Source material.
···
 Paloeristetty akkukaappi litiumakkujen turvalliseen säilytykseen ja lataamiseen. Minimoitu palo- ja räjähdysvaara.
···
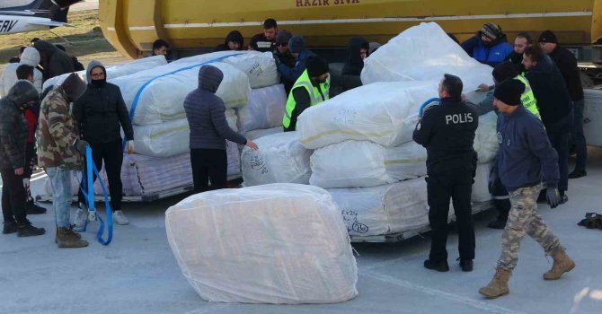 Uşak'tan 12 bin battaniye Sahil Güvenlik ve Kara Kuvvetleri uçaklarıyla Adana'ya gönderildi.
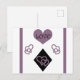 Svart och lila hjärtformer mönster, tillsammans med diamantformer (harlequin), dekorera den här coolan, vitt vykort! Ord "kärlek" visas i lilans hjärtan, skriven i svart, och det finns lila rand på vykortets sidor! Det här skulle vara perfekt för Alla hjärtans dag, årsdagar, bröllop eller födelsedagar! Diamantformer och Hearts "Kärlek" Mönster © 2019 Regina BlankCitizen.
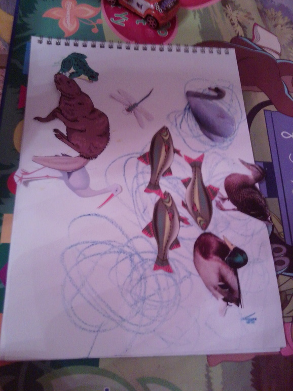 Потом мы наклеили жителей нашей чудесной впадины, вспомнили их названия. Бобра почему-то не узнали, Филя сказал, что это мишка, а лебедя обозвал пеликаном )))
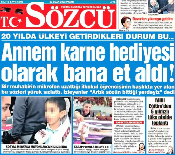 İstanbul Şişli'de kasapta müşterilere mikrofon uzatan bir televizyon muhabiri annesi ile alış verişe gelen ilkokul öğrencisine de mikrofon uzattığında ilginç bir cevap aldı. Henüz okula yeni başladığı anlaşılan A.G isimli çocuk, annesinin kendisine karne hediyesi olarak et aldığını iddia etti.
···
Your instructions. Working from the entries above, please transcribe only the lines from the line with "Потом мы наклеили" through the line with "İstanbul Şişli'de kasapta", exactly, with both end lines and without pictures.

Result of this exercise.
 Потом мы наклеили жителей нашей чудесной впадины, вспомнили их названия. Бобра почему-то не узнали, Филя сказал, что это мишка, а лебедя обозвал пеликаном )))
 İstanbul Şişli'de kasapta müşterilere mikrofon uzatan bir televizyon muhabiri annesi ile alış verişe gelen ilkokul öğrencisine de mikrofon uzattığında ilginç bir cevap aldı. Henüz okula yeni başladığı anlaşılan A.G isimli çocuk, annesinin kendisine karne hediyesi olarak et aldığını iddia etti.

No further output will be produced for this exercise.